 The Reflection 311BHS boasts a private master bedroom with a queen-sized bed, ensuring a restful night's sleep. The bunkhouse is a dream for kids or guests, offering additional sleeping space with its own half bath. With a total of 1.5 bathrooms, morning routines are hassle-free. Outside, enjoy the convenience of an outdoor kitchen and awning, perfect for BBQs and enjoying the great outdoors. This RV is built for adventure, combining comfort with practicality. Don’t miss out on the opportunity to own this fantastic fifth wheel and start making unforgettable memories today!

--

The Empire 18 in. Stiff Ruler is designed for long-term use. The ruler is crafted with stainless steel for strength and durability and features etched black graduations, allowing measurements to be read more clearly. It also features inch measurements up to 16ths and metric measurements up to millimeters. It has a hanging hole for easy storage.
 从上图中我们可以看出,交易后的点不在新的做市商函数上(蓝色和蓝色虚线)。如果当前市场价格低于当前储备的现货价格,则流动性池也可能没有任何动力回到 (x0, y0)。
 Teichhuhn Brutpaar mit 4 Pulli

Assignment – Taking the material above, extract exactly and only the lines from the line with "The Empire 18" to the line with "Teichhuhn Brutpaar mit 4 Pulli", inclusive of both.

Written answer –
The Empire 18 in. Stiff Ruler is designed for long-term use. The ruler is crafted with stainless steel for strength and durability and features etched black graduations, allowing measurements to be read more clearly. It also features inch measurements up to 16ths and metric measurements up to millimeters. It has a hanging hole for easy storage.
 从上图中我们可以看出,交易后的点不在新的做市商函数上(蓝色和蓝色虚线)。如果当前市场价格低于当前储备的现货价格,则流动性池也可能没有任何动力回到 (x0, y0)。
 Teichhuhn Brutpaar mit 4 Pulli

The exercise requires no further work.